START Material for this task

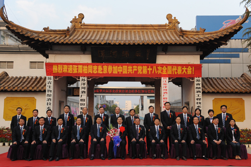11月2日下午,古镇洋河一派节日的喜庆氛围:飘动的气球,飞跨的拱门,鲜红的横幅,醒目的标语。党的十八大代表,江苏洋河酒厂股份有限公司董事长、总裁张雨柏,在江苏洋河酒厂股份有限公司党委书记杨廷栋、洋河新城管委会主任刘金山、江苏洋河酒厂股份有限公司执行总裁钟玉叶等领导的陪同下,满面笑容地来到酒厂大门前,与在厂江苏洋河酒厂股份有限公司领导班子成员一起合影留念。
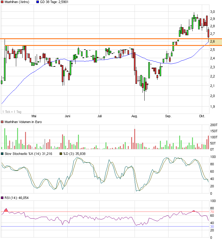 Mitteilung überhaupt rausbringt. Normalerweise hätte ja eine Präzisierung der Ergebnisprognosen im Rahmen der Quartalszahlmeldung im November völlig ausgereicht. Muehlhan scheint jetzt insgesamt deutlich souveräner am Kapitalmarkt aufzutreten und nach Stabilisierung des Geschäfts auch am Aktienkurs interessiert zu sein. Mir gefällt´s
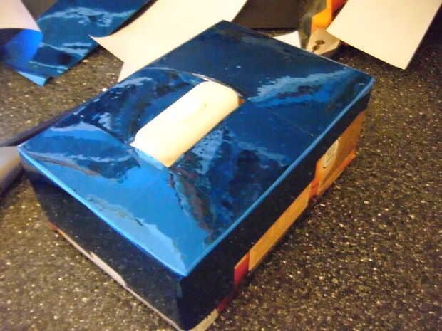 Este poco utilicé papel brillante pegajoso, si no tienes nada de esto, puede pintar, color o cubrir su caja en papel.
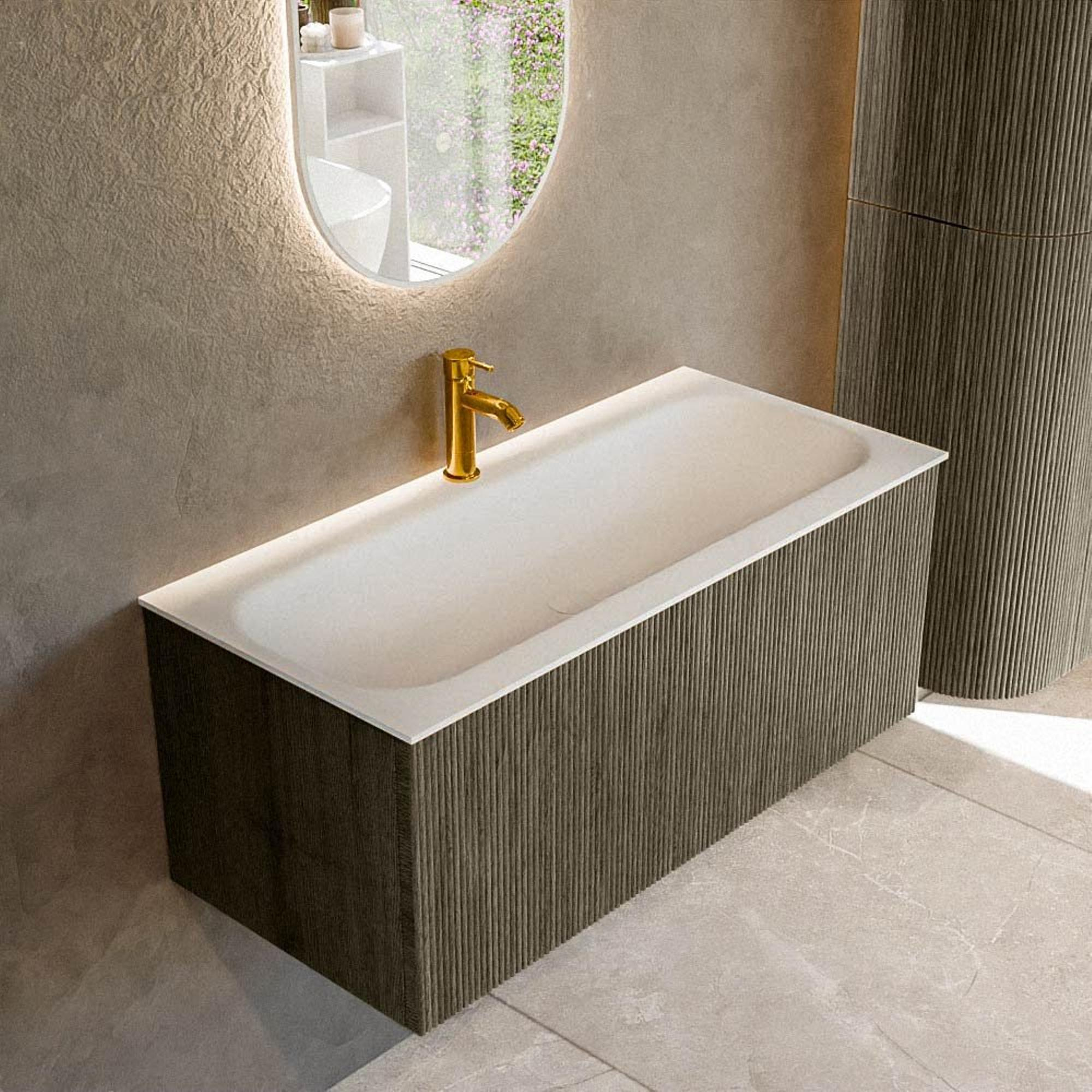 Mondiaz KURVE Badkamermeubelset - 100x46x40cm - 1 lade - wastafel solid surface - midden - 1 kraangat - Shadow
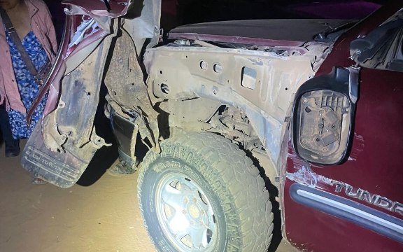 En ese momento, el troque intenta pasarla sin mantener su distancia, lo que provocó su impacto en la puerta izquierda del vehículo de la afectada: un pick up Toyota Tundra.

END Material for this task

> _Your objective_
Reproduce verbatim the opening line of the material and every line after it, up to and including the line with "Este poco utilicé", but no pictures.

> _Solution to this exercise_
11月2日下午,古镇洋河一派节日的喜庆氛围:飘动的气球,飞跨的拱门,鲜红的横幅,醒目的标语。党的十八大代表,江苏洋河酒厂股份有限公司董事长、总裁张雨柏,在江苏洋河酒厂股份有限公司党委书记杨廷栋、洋河新城管委会主任刘金山、江苏洋河酒厂股份有限公司执行总裁钟玉叶等领导的陪同下,满面笑容地来到酒厂大门前,与在厂江苏洋河酒厂股份有限公司领导班子成员一起合影留念。
 Mitteilung überhaupt rausbringt. Normalerweise hätte ja eine Präzisierung der Ergebnisprognosen im Rahmen der Quartalszahlmeldung im November völlig ausgereicht. Muehlhan scheint jetzt insgesamt deutlich souveräner am Kapitalmarkt aufzutreten und nach Stabilisierung des Geschäfts auch am Aktienkurs interessiert zu sein. Mir gefällt´s
 Este poco utilicé papel brillante pegajoso, si no tienes nada de esto, puede pintar, color o cubrir su caja en papel.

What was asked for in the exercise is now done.